Gilnéas, des années avant la chute du Mur.


Les Draven formaient une famille dès plus commune. Issus de la petite noblesse d’épée, ils vivaient dans une rue pavillonnaire des beaux quartiers de Gilnéas, dans une de ces maisons où le lierre partage les façades à la pierre grise caractéristique du royaume. Tout, chez eux, était parfaitement ordonné, à commencer par un jardin soigné, à la symétrie frappante. Les arbustes étaient taillés de manière pyramidale, la pelouse tondue de près et d’un vert si étincelant – dans ces lieux où la pluie était plus une amante qu’une amie - qu’il poussait les mauvaises langues des quelques voisins jaloux à dire que la maîtresse de maison faisait secrètement appel à un sorcier des moissons. La vérité était pourtant bien loin : le jardin ne reflétait que la rigueur – rigidité serait sans doute plus juste – de Nicolas Draven. A croire que les plantes elles-mêmes craignaient de ne pas pousser droit.

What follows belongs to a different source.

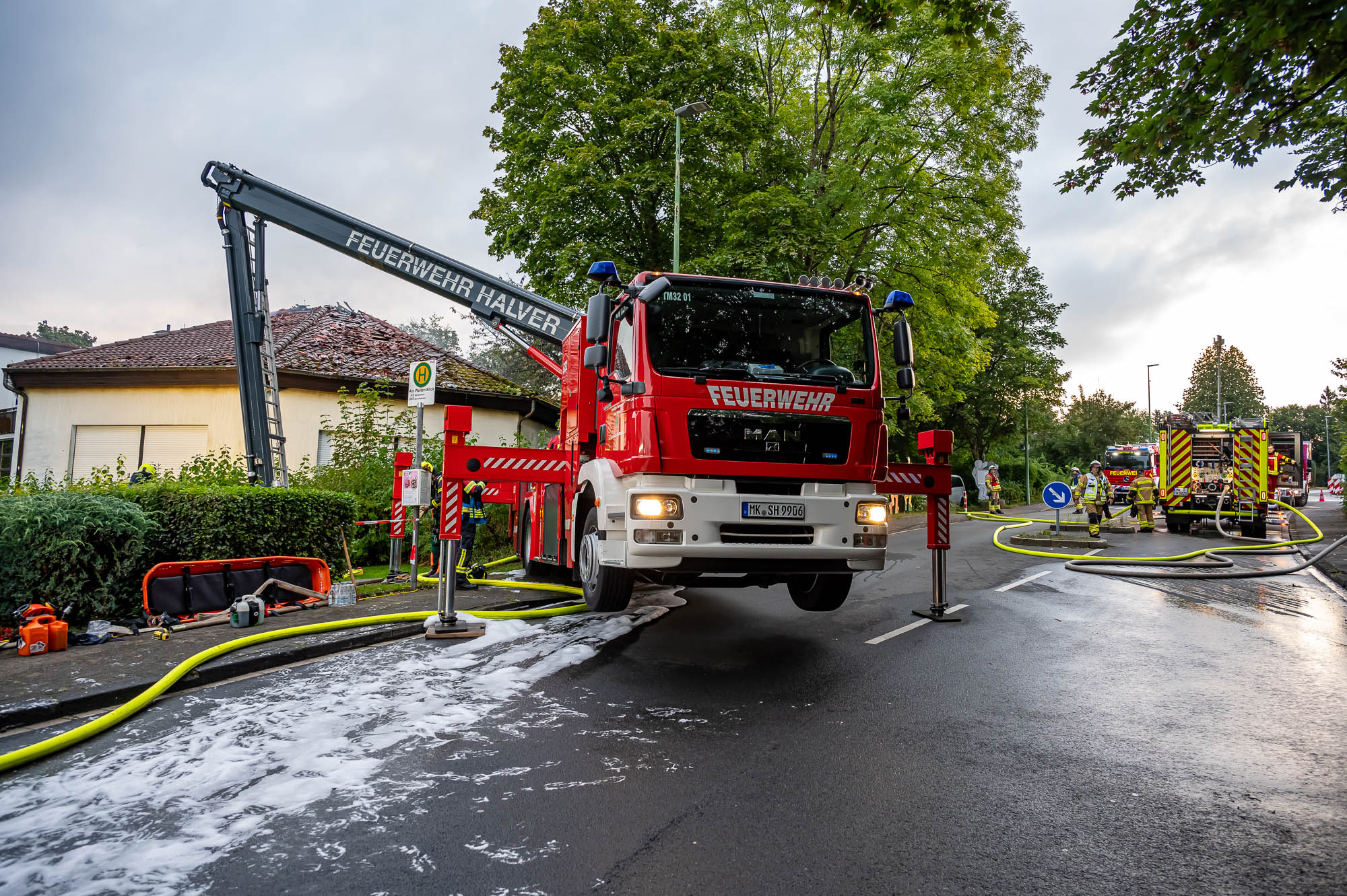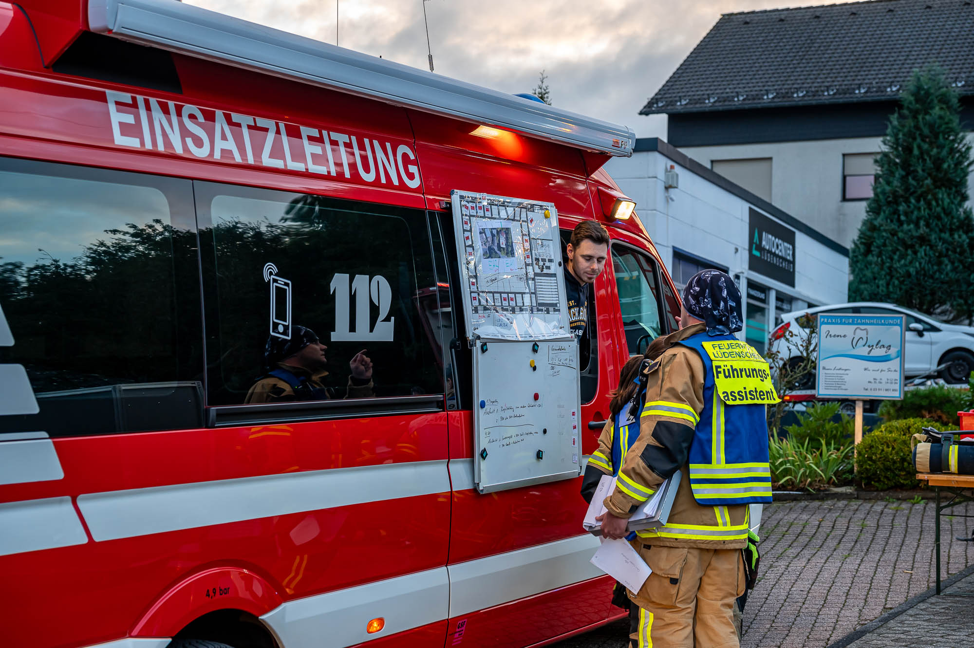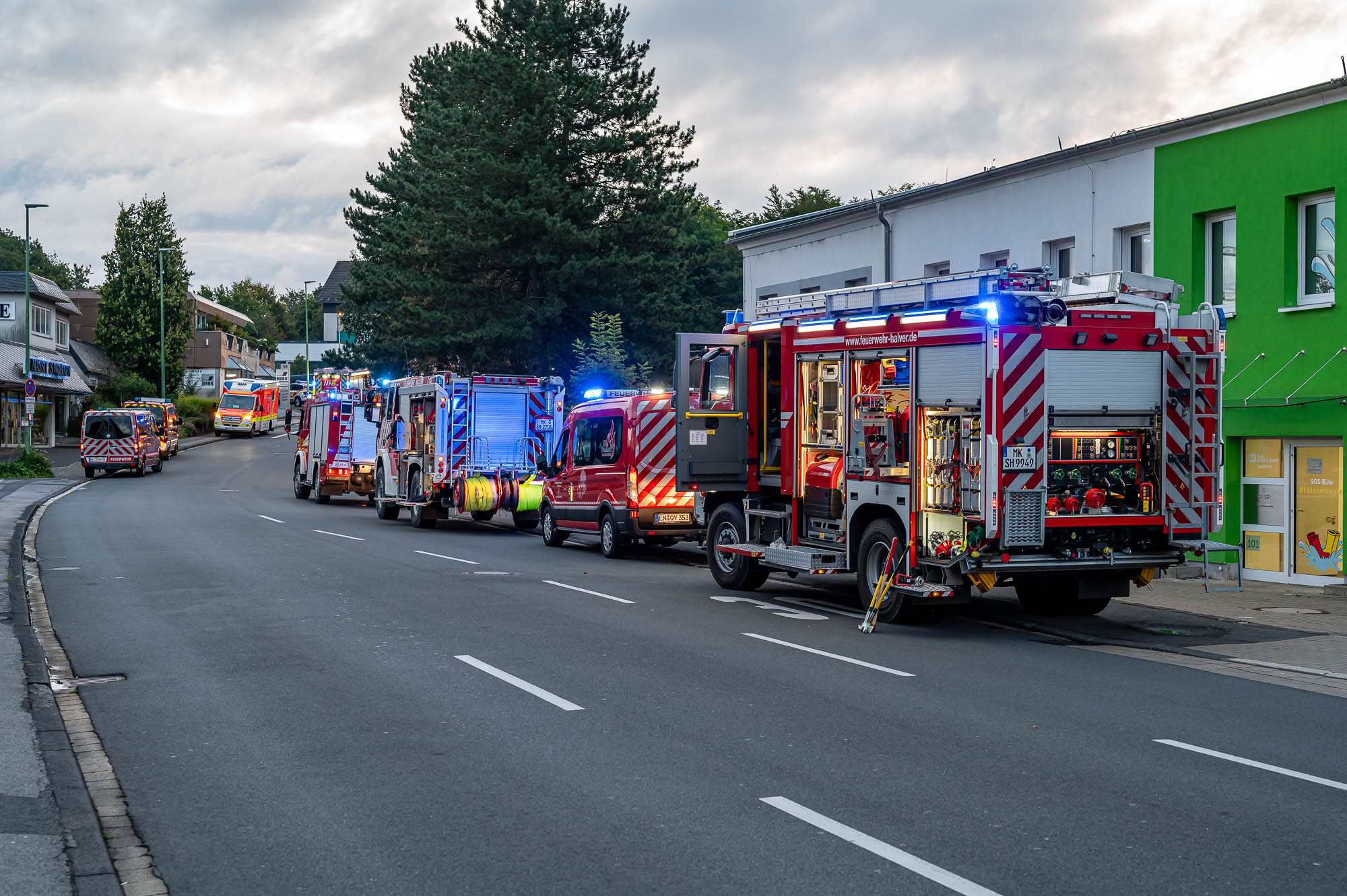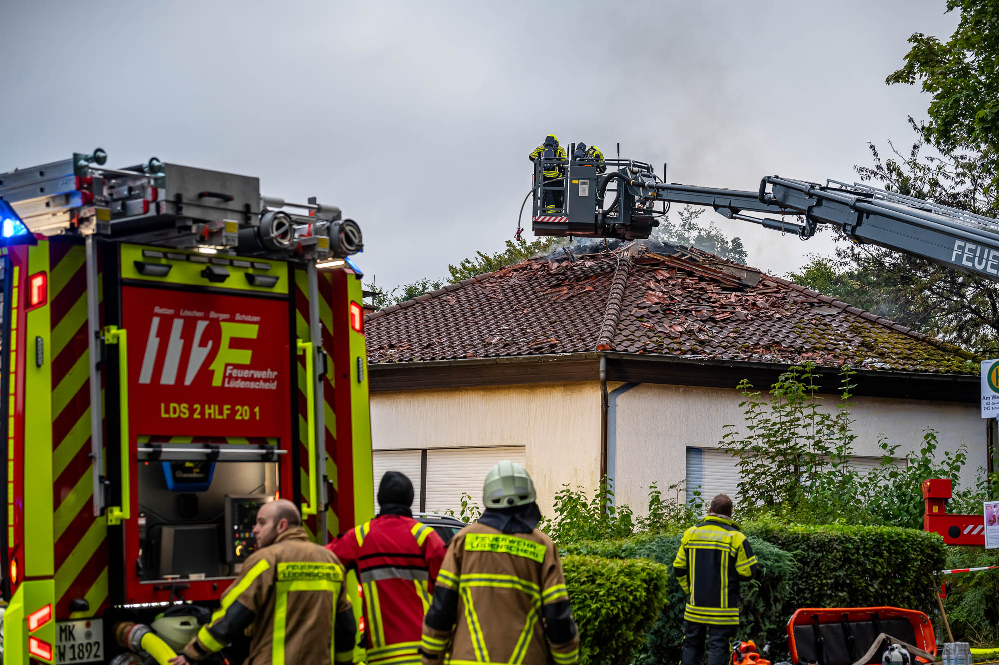 Für die Lüdenscheider Wehr war in der Nacht Stadtalarm ausgerufen worden. Aus dem gemeldeten “Brand am Gebäude” wurde schnell ein “Entwickelter Brand”, nach und nach wurden immer mehr Kräfte nachalarmiert. Die Löschzüge Brügge und Brüninghausen sorgten für den Grundschutz. Zunächst sollten sich die dortigen Kameraden in ihren Gerätehäusern bereithalten, später besetzten sie die Hauptamtliche Wache am Dukatenweg. Direkt an die Einsatzstelle alarmiert wurden allerdings Wehrleute aus Halver, die mit ihrem Teleskopmast die vorhandene Drehleiter gut ergänzten. Um die Versorgung der vielen Einsatzkräfte kümmerten sich Ehrenamtliche vom Deutschen Roten Kreuz.

Chez les Draven, le quotidien était réglé comme du papier à musique. On se levait aux aurores, pour assister aux premières prières du matin.

Monsieur rejoignait ensuite la garde de Gilnéas, dans laquelle il était officier. Pas le genre de Garde que l’on imagine solitaire, empreint de vague à l’âme, à se tourmenter sur sa dernière enquête, consommant du café comme de l’eau et du whisky comme du café. Non, Nicolas Draven était plutôt de ceux à mener à la baguette ses recrues. L’intransigeance de l’instructeur, mais la justesse de l’officier, ce qui lui permettait d’échapper – de peu – au titre de tyran. Il menait à la baguette son petit monde – au pas de course, s’il vous plait – aussi bien à la caserne qu’à la maison.

Madame, elle, menait une vie plus paisible mais non pas moins gratifiante. Fille d’homme d’Eglise, elle avait, à défaut d’embrasser pleinement une vie de prêtrise, gardé une foi inébranlable dans la Sainte. Sans doute fallait-il cela pour supporter son tempétueux époux. Professeur, elle enseignait les lettres aux jeunes enfants gilnéens, et maniait parfaitement l’art délicat de la carotte et du bâton – ou, dans ce cas précis, de la douceur des gâteaux maisons tout juste sortis du four et de la brutalité du martinet. Là encore, la justice se trouvait sans doute quelque part entre les deux.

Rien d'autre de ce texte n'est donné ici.